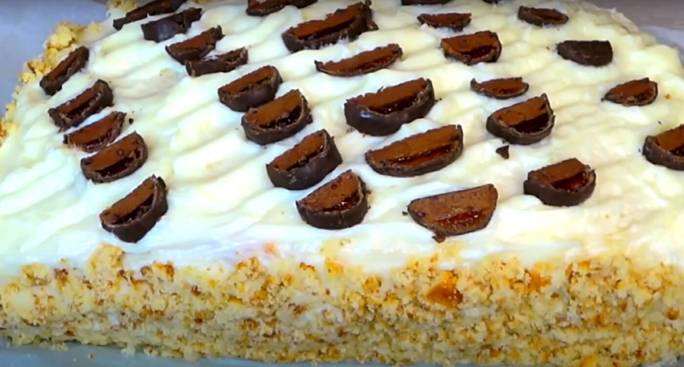 the cake. Lubricate the sides of the cake and the top, cover the sides with shredded sponge cake. Leave the cake in the refrigerator for 2-3 hours.
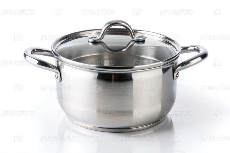 Горшок из нержавеющей стали с крышкой на белом фоне для кухонного использования. генеративный ИИ
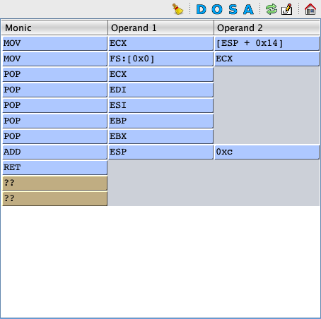 Color-coding is used to indicate the code unit type. Instructions are displayed in blue, data items are tan.
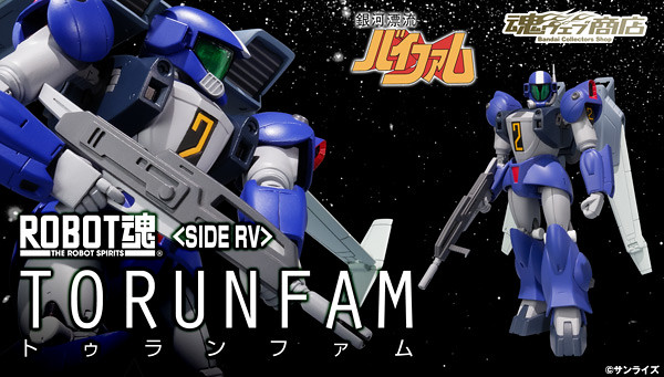 日BANDAI萬代玩具公司的ROBOT魂可動系列以《銀河漂流》動畫為題材推出過「Neofam」紅色機體,這次將在推出「Torunfam」トゥランファム戰鬥機體,作品附有交換用手首左右各3種、武器光束炮(ビームガン)等等多款配件,在劇中所出現的飛行駕駛艙(トゥランファム用複座型ポッド)這次也完整再現。
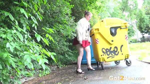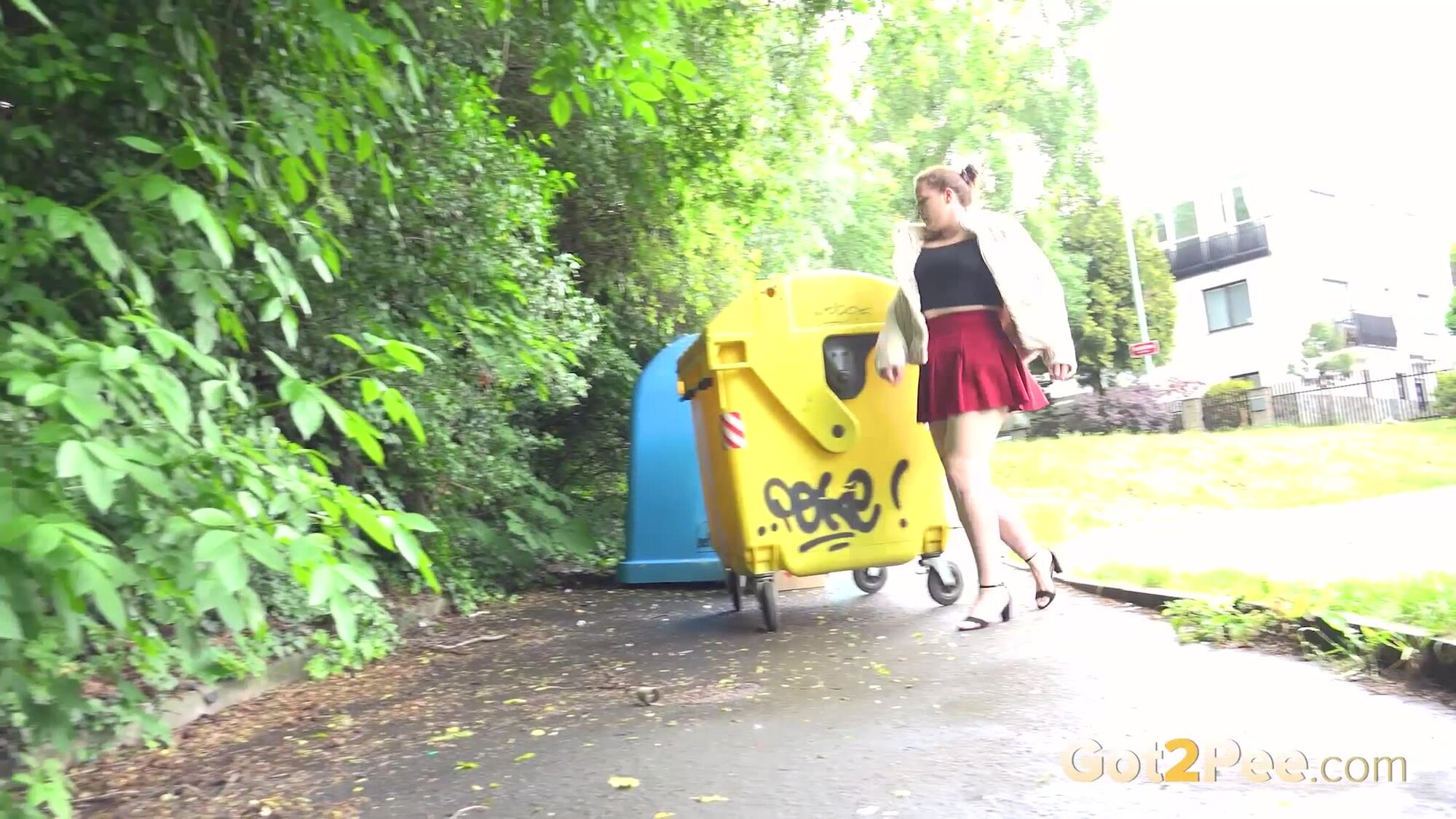 Curvy brunette Chloe Kinky rushes over to the back of some recycling bins in the suburbs to relieve her piss desperation. She pulls her panties practically off and squatting to pee, aims a straight stream of golden nectar down onto the ground while we capture the action for Got2Pee!
+-------+
• Task to complete
Write every entry again exactly as given, skipping the pictures.

• Exercise answer
 the cake. Lubricate the sides of the cake and the top, cover the sides with shredded sponge cake. Leave the cake in the refrigerator for 2-3 hours.
 Горшок из нержавеющей стали с крышкой на белом фоне для кухонного использования. генеративный ИИ
 Color-coding is used to indicate the code unit type. Instructions are displayed in blue, data items are tan.
 日BANDAI萬代玩具公司的ROBOT魂可動系列以《銀河漂流》動畫為題材推出過「Neofam」紅色機體,這次將在推出「Torunfam」トゥランファム戰鬥機體,作品附有交換用手首左右各3種、武器光束炮(ビームガン)等等多款配件,在劇中所出現的飛行駕駛艙(トゥランファム用複座型ポッド)這次也完整再現。
 Curvy brunette Chloe Kinky rushes over to the back of some recycling bins in the suburbs to relieve her piss desperation. She pulls her panties practically off and squatting to pee, aims a straight stream of golden nectar down onto the ground while we capture the action for Got2Pee!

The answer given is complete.